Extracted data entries

=======

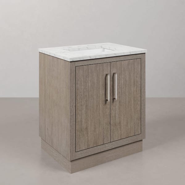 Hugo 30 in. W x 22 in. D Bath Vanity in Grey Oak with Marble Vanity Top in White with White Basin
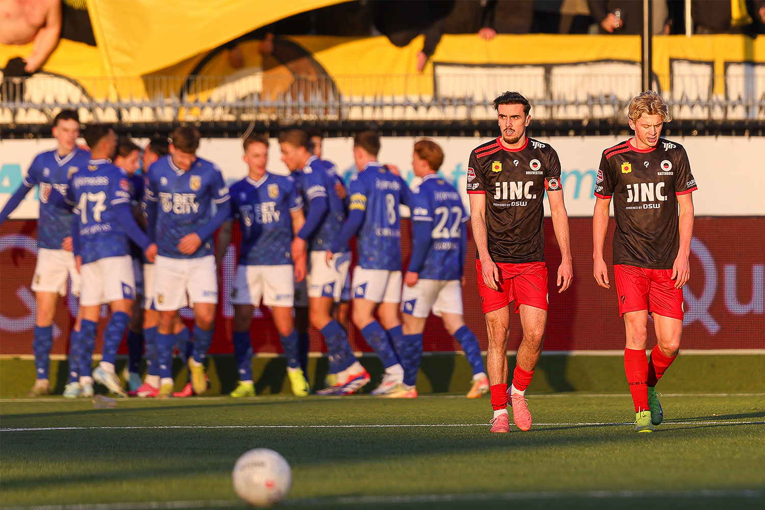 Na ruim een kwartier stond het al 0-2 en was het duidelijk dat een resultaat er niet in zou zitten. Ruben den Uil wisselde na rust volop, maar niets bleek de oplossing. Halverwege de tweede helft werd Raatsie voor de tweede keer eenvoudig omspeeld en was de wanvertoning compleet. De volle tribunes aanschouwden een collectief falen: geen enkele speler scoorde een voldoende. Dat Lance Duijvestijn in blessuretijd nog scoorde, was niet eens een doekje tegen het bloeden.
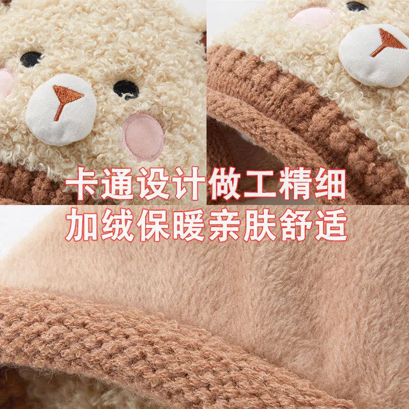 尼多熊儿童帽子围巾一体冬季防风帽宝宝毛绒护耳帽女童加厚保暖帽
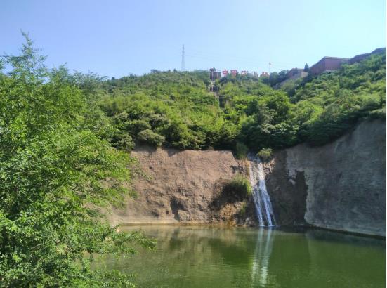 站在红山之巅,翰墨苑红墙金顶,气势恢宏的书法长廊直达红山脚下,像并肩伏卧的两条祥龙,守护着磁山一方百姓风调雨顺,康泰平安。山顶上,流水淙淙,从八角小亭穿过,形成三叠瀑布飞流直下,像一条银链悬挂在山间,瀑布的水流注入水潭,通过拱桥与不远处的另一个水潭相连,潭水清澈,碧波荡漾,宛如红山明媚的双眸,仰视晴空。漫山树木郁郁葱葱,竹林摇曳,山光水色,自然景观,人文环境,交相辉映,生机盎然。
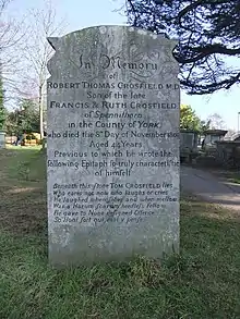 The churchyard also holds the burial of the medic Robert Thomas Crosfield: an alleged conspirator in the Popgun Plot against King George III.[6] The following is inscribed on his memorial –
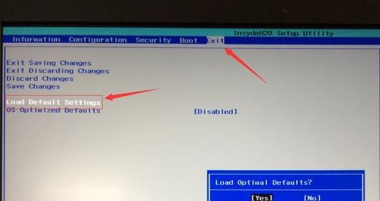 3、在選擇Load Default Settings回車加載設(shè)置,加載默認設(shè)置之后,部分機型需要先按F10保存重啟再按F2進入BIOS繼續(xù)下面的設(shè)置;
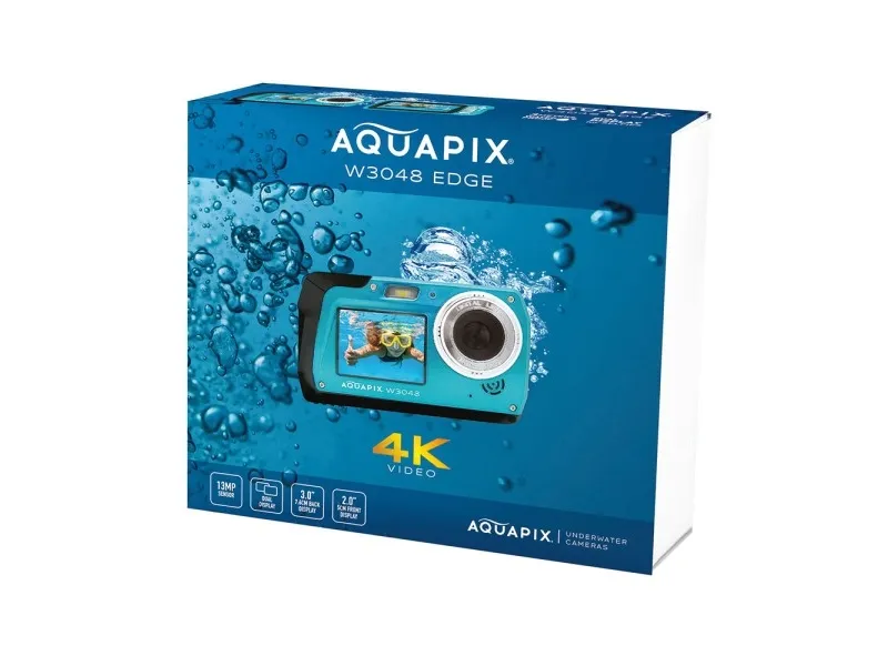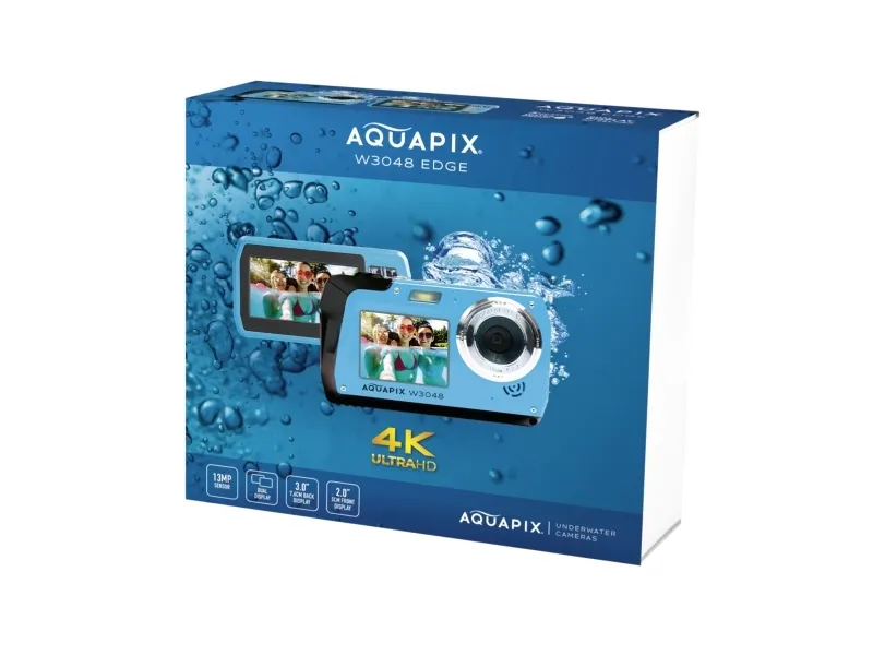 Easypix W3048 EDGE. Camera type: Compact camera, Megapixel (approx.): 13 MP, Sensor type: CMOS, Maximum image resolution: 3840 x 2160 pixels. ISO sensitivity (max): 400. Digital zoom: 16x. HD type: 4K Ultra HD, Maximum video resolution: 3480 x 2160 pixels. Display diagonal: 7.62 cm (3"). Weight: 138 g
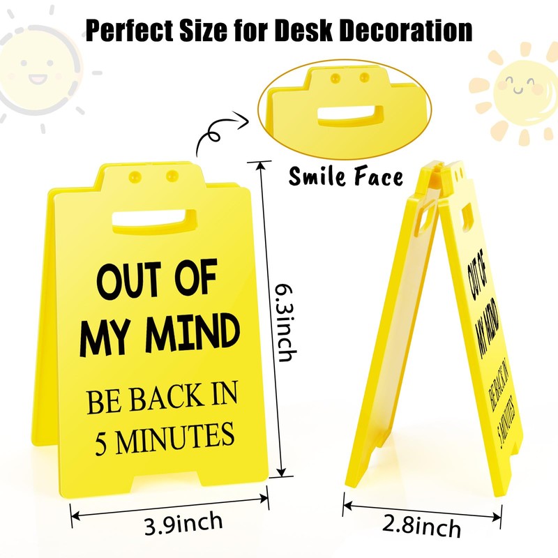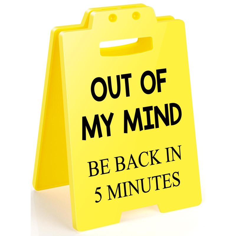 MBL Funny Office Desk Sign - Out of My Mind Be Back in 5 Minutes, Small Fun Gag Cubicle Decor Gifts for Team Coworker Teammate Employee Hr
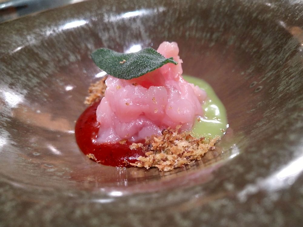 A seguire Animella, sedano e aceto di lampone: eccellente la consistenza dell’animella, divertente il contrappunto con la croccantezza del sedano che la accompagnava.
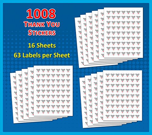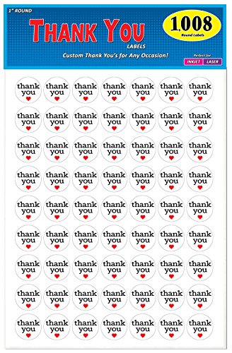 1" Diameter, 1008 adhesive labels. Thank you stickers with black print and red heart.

=======

THE TASK → Retype the records exactly, but skip the pictures.

SOLUTION TO THIS TASK →
 Hugo 30 in. W x 22 in. D Bath Vanity in Grey Oak with Marble Vanity Top in White with White Basin
 Na ruim een kwartier stond het al 0-2 en was het duidelijk dat een resultaat er niet in zou zitten. Ruben den Uil wisselde na rust volop, maar niets bleek de oplossing. Halverwege de tweede helft werd Raatsie voor de tweede keer eenvoudig omspeeld en was de wanvertoning compleet. De volle tribunes aanschouwden een collectief falen: geen enkele speler scoorde een voldoende. Dat Lance Duijvestijn in blessuretijd nog scoorde, was niet eens een doekje tegen het bloeden.
 尼多熊儿童帽子围巾一体冬季防风帽宝宝毛绒护耳帽女童加厚保暖帽
 站在红山之巅,翰墨苑红墙金顶,气势恢宏的书法长廊直达红山脚下,像并肩伏卧的两条祥龙,守护着磁山一方百姓风调雨顺,康泰平安。山顶上,流水淙淙,从八角小亭穿过,形成三叠瀑布飞流直下,像一条银链悬挂在山间,瀑布的水流注入水潭,通过拱桥与不远处的另一个水潭相连,潭水清澈,碧波荡漾,宛如红山明媚的双眸,仰视晴空。漫山树木郁郁葱葱,竹林摇曳,山光水色,自然景观,人文环境,交相辉映,生机盎然。
 The churchyard also holds the burial of the medic Robert Thomas Crosfield: an alleged conspirator in the Popgun Plot against King George III.[6] The following is inscribed on his memorial –
 3、在選擇Load Default Settings回車加載設(shè)置,加載默認設(shè)置之后,部分機型需要先按F10保存重啟再按F2進入BIOS繼續(xù)下面的設(shè)置;
 Easypix W3048 EDGE. Camera type: Compact camera, Megapixel (approx.): 13 MP, Sensor type: CMOS, Maximum image resolution: 3840 x 2160 pixels. ISO sensitivity (max): 400. Digital zoom: 16x. HD type: 4K Ultra HD, Maximum video resolution: 3480 x 2160 pixels. Display diagonal: 7.62 cm (3"). Weight: 138 g
 MBL Funny Office Desk Sign - Out of My Mind Be Back in 5 Minutes, Small Fun Gag Cubicle Decor Gifts for Team Coworker Teammate Employee Hr
 A seguire Animella, sedano e aceto di lampone: eccellente la consistenza dell’animella, divertente il contrappunto con la croccantezza del sedano che la accompagnava.
 1" Diameter, 1008 adhesive labels. Thank you stickers with black print and red heart.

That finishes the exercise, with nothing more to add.